= POGIL =

Instructional strategy

Process Oriented Guided Inquiry Learning (POGIL) is an activity-based, group-learning instructional strategy.

POGIL was created in 1994 to improve teaching of general chemistry. Today, POGIL is implemented in more than 1,000 American high schools and colleges.

== Activities ==

The design of a POGIL activity must be sufficient in appropriate information for the initial exploration so that students are able to develop the desired concepts. Second, the guiding questions must be sequenced so that students reach the appropriate conclusion.

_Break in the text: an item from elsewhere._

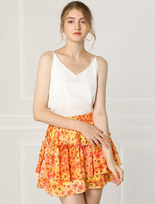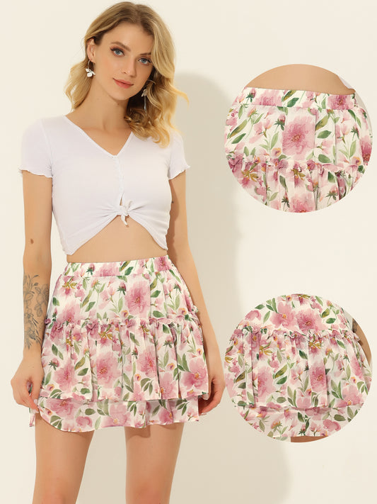 Women's Floral Print Skirt Elastic High Waist Layer Ruffle A-Line Mini Short Skirt
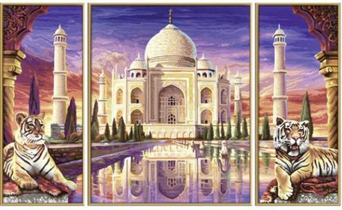 Ook jij kunt een kunstenaar zijn, dankzij deze Schilderen op nummer "Taj Mahal-set". MAL 609260435 Meesterklasse drieluik compleet pakket met acrylverf (mengen niet nodig) ondergrond & penseel exclusief schilderijlijst. Met de methode “Schilderen op nummer” kan iedereen mooie schilderijen maken als alle gecontureerde en genummerde vakjes met de kleuren met hetzelfde getal worden beschilderd. Meer dan 40 jaar geleden was SCHIPPER niet alleen de eerste Duitse producent die de uit de USA afkomstige schildertechniek naar Duitsland heeft ingevoerd, het is de firma uit Neurenberg ook gelukt dit schildersysteem op buitengewone wijze te perfectioneren. Het is op de schilderijen amper te zien dat zij volgens deze methode werden gemaakt. Kleine en grote hobbykunstenaars zijn daarom bijzonder trots op hun kleine kunstwerken. Met een passende lijst decoreren zij woningen of worden ook graag als cadeau gegeven. Met de methode “Schilderen op nummer” kan iedereen mooie schilderijen maken als

Typically, the first few questions build on students' prior knowledge and direct attention to the information provided by the model. This is followed by questions designed to help promote the recognitions of relationships and patterns in the data, leading toward some concept development. The final questions may involve applying the concepts to new situations and generalizing students' new knowledge and understanding. POGIL instruction has a strong basis in constructivism.

Students in a POGIL classroom may work in small groups of three or four to tackle a specifically designed activity. Each student is assigned a role, such as a task manager, recorder, spokesperson, or reflector. The instructor acts as a facilitator. In their groups, students may discuss and analyze problems and their answers to questions that are crafted. As they formulate their ideas, they may share their understanding and discoveries with other groups.

Rather than having the instructor begin class by defining terms and laying out concepts, students work actively to understand the content.

== The POGIL Project ==

Logo of The POGIL Project

The teaching method of POGIL is supported by the POGIL Project, a non-profit 501(c)(3) organization based in Lancaster, Pennsylvania. The project trains faculty to implement POGIL in their classrooms and creates new POGIL materials through opportunities including workshops, on-site visits, and consultancies. The project also hosts an annual POGIL National Meeting.